In memory of Smitty Simons
April 16, 1942—July 13, 1999
My Uncle Smitty was my mom’s sister’s husband and my dad’s best friend. My family and Aunt Brenda and Uncle Smitty’s family lived on the same street when I was growing up, and were in and out of one another’s houses as if they were our own.
The thing I’ll always remember about my Uncle Smitty is that he could do just about anything. He was a master at fixing things, putting things together and building things. He loved to race cars and boats, and along with my dad, was always building the latest car to take to the local drag strip. Between the two of them, they could fix whatever needed fixing, but working on their cars was what they loved most.
On Thanksgiving Day 1998, Uncle Smitty got out his old recorder from his school days to entertain his family. And he couldn’t remember how to play. For his daughter, my cousin Shane, it was the first sign that something was amiss. Over the next several weeks, my Aunt Brenda noticed Tylenol in his lunch box, and she knew something was wrong. He prided himself on never taking medicine unless it was absolutely necessary.

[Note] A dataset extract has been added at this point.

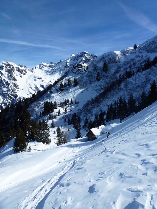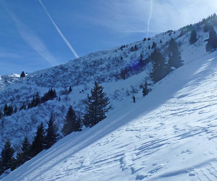 la couche en forêt s'est bien améliorée malgré des vernes non couchées par les chutes de neige froide précédentes. En forêt nord pas de neige dense comme vu avant-hier dans le Vercors. Début de croutage en sud à ouest.

On February 13, 1999, Smitty suffered a seizure at home, and was taken to the local hospital in western Kentucky. He was later diagnosed with glioblastoma, and underwent surgery to remove as much of the tumor as possible. There were complications with the surgery, and the Smitty who could do anything, couldn’t anymore. On July 13, 1999, five months after his diagnosis, Uncle Smitty died. He was 57 years old. Months later, his younger sister was diagnosed with glioblastoma also. She fared a little better than her brother, and survived a bit over a year, but ultimately lost her battle as well.
Our family didn’t know about the Preston Robert Tisch Brain Center in 1999. I am so encouraged to learn of the successes they’ve had and the hope they instill. In this year’s Angels Among Us event, our team will run not only for my Uncle Smitty, but for his children, my cousins Shane and Steven, to give them hope.